The Title of this blog is I Hate Rolling Stone, and it's worth a diversion to say why. Rolling Stone was co-founded by Jann Wenner, as was the Rock and Roll Hall of Fame. Jann himself was inducted for the Lifetime Achievement Award a few years ago. By the organization he helped found, and on whose committee he still sits. Way to go.
Anyway, I don't understand why rock and roll needs a hall of fame. It's a concept that makes sense in sports, where everyone understands (basically) the criteria a player is judged by, and where we know what a good player looks like, basically. This is somewhat simplified, and there are fantastic arguments about who should or shouldn't get in, but these arguments tend to be about the most marginal cases. No one argues about whether Willie Mays or Babe Ruth belongs.
Part of the reason this concept doesn't work in music for me is because music is not a zero sum game like sports. I can like the Beatles without diminishing the Rolling Stones. While I guess I only have so many dollars to spend, and thus only so many albums to buy, one bands gain is not directly another bands loss.
The second problem is that great rock bands don't look the same, the way great baseball teams or players do. I love Bob Dylan, but he can leave other people absolutely cold - there's no sports parallel; a basketball player doesn't score thirty points when I'm watching, but only ten when you see him. Music has no objective measurements.
Finally, the fact of the hall of fame is that there are great bands with long lasting influence, who aren't in. Black Sabbath made it in three years ago - nearly ten years after they became eligible. Genesis have just barely been nominated, and ELO still isn't in.
So what's the solution? We'll always argue about musical tastes, and maybe this just provides another venue for it. I could accept that, except I feel the institution cements a belief that certain genres of music are inherently incapable of moving people emotionally. When they said "prog rock" is pretentious, they aren't saying, "this isn't my tastes," "I don't like it," or even "how can you like X band more than Y? Y is amazing!" They're saying "no one could feel an emotional connection to that band."
I do feel a connection some of those bands. A lot of people do. For me, it's prog. rock. For someone like Chuck Klosterman, it was eighties metal. What we have in common is a genuine love of music a dominant group has declared undeserving of genuine love.
So I see three possible solutions. The first is to reject the concept of a hall of fame. Rock was never about earning accolades anyway. The second is to embrace some guidelines, and accept some criteria, however vague, that might give the whole thing a feeling of legitimacy. And the third is to change our idea of what a rock and roll hall of fame should look like.
Number one is self-explanatory, so let me go to the second.
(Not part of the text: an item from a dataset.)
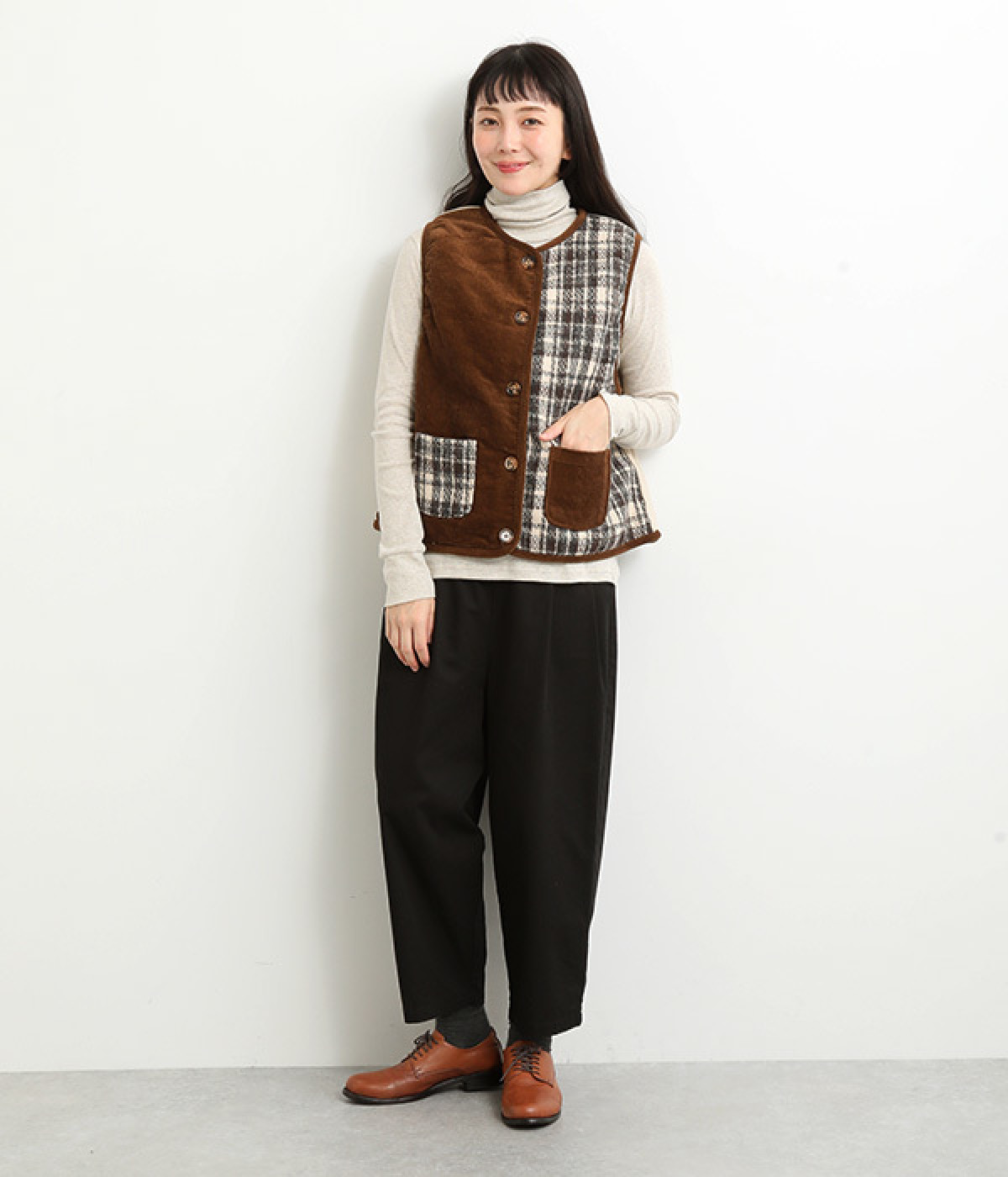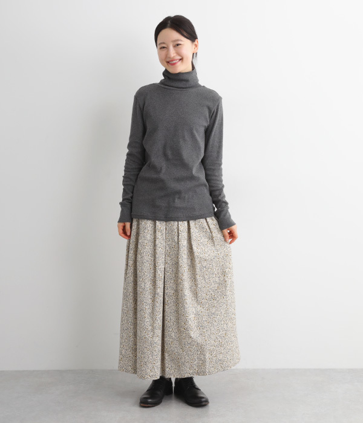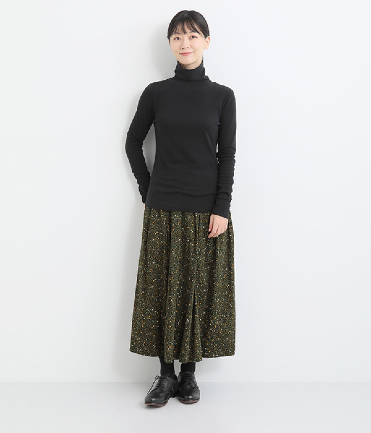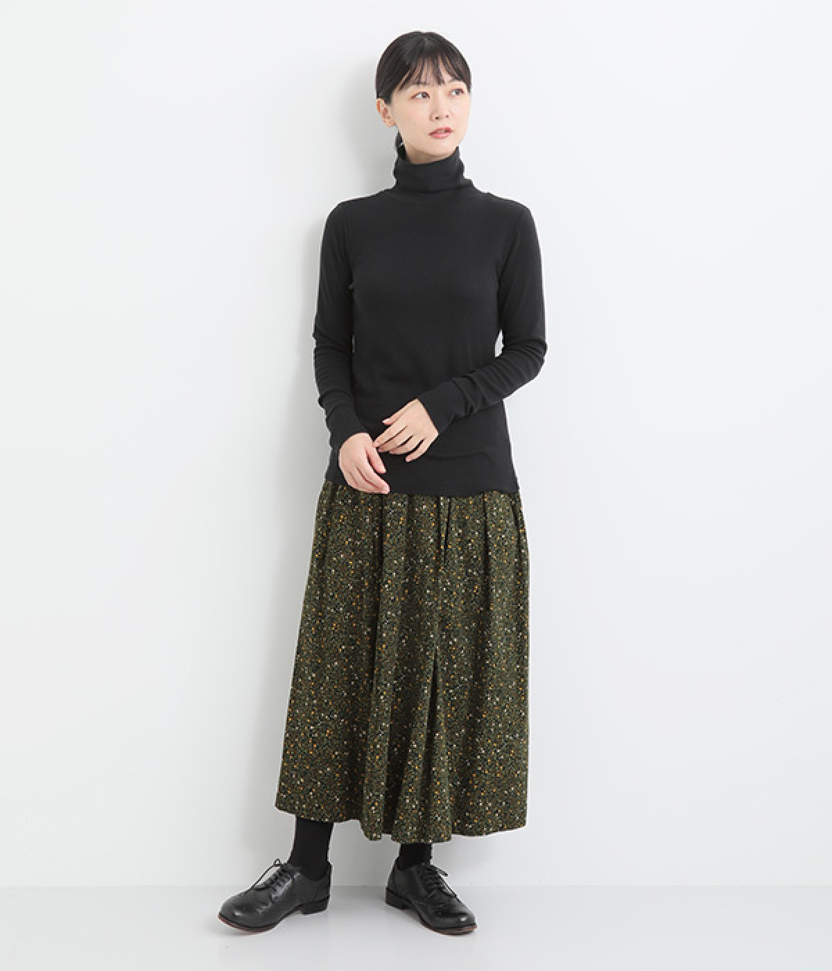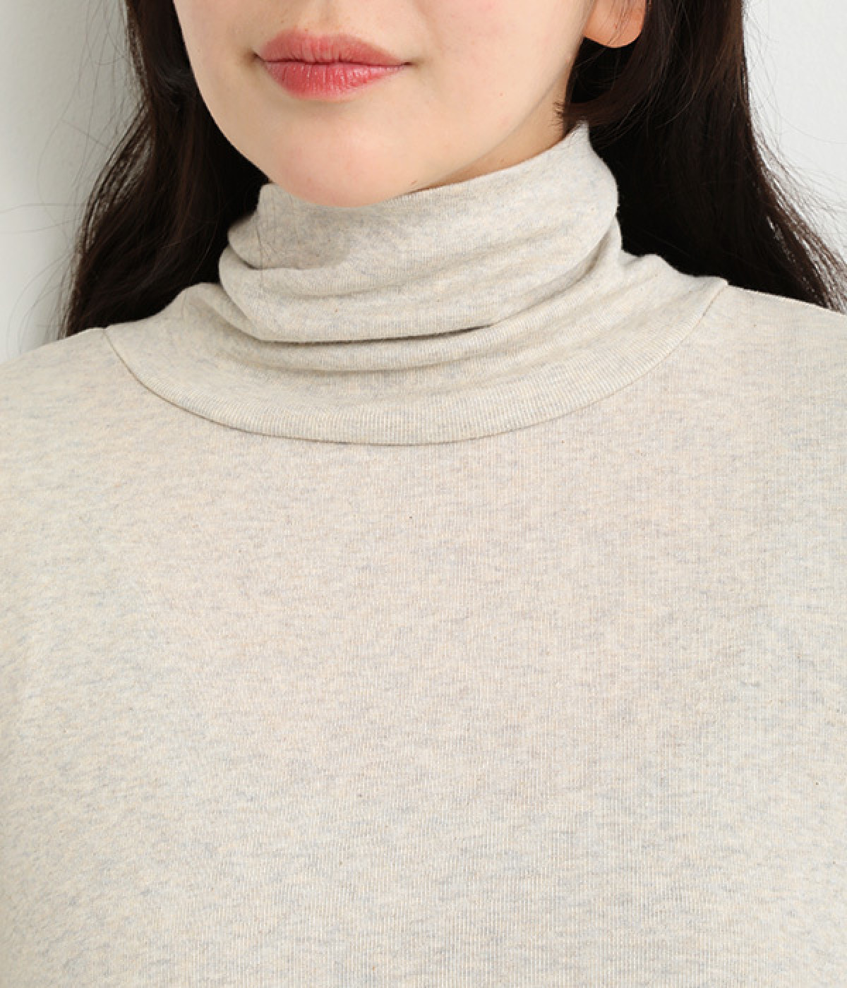 シンプルなデザインで羽織りものやニットのインナー使いなどに着まわせるプルオーバーは、袖口の切り替えでポイントを持たせました。タートルネックは折り返してモックネック風にしても◎。

Bill James gave some guidelines that he thought would be useful for the Baseball Hall of Fame - one of them was (paraphrased) "was x player ever plausibly the best player in the game for their position." For music, let's put it like this: "Was x band/performer ever plausibly the greatest band in the world." I'd also add "was x band a major influence on several bands that were ever plausibly the greatest band in the world." I add that second criterion to include bands that weren't seminal in their time, but became seminal influences on later bands. So, for example, Cheap Trick would qualify on both accounts - there was a time when Cheap Trick was possibly the biggest band in the world, and they were huge influences on the Smashing Pumpkins, Weezer, and several other bands that could themselves make that claim. Cheap Trick is in. (Interestingly, guess which band has not been inducted.)
My third criteria is similar, but a bit different. I think trying to look a band 25 years after their first album doesn't give a great view of the band. Fleetwood Mac, for example, is in, but aside from Rumours, name me another Mac album. Okay, I know many of you can, but my point is, most bands aren't great for 25 years. Most aren't great for anything close to it. (I have a theory that a truly great band can get somewhere around 10 years on the cutting edge, usually more like 8, and that's it. More on that tomorrow.)
So I submit, rather than inducting bands, who all tend to have uneven careers, we induct albums. The album is the basic artistic unit anyway - there really aren't any pure singles bands anymore - and most great bands' reputations rest on a few great albums anyway.
Now you don't have to induct the Sex Pistols, you simply add Never Mind the Bollocks and we all accept that as part of the canon. True this does have some downsides - it tends to look a bit like those top 500 albums of all time lists Rolling Stone tends to run, and the composition of the hall of fame doesn't change a lot - still 90% 1968-1975. But I think there's one more thing we need to do, to have everything running beautifully.
Duct tape Jann Wenner's gym socks into his mouth.